= John Eddowes Bowman the Younger =

English chemist (1819–1854)

John Eddowes Bowman the Younger (1819–1854) was an English chemist.

==Life==
Bowman was the son of John Eddowes Bowman the elder, and brother of Sir William Bowman, physiologist and oculist, born at Welchpool on 7 July 1819. He was a pupil of John Frederic Daniell at King's College, London, and in 1845 succeeded William Allen Miller as demonstrator of chemistry there; he became subsequently, in 1851, the first professor of practical chemistry there. He was one of the founders of the Chemical Society of London.
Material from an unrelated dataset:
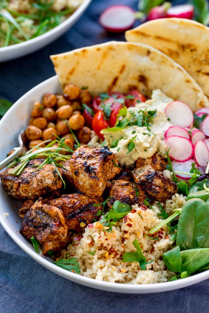 Spicy Chicken Nourish Bowl - A filling and nutritious warm salad, with middle eastern flavours -perfect for Fall. A healthier Autumn dinner.

He died on 10 February 1854.

==Works==
Bowman published:

- A Lecture on Steam Boiler Explosions, 1845
- An Introduction to Practical Chemistry (London, 1848, Philadelphia, 1849; subsequent editions in 1854, 1858, 1861, 1866, and 1871)
- A Practical Handbook of Medical Chemistry (London, 1850, 1852, 1855, and 1862). Further editions of these latter works were edited by Charles Loudon Bloxam.

He also contributed to scientific journals.

==Family==
Bowman married in 1844 Ellen Paget (died 1868), fourth daughter of the surgeon Thomas Paget of Leicester.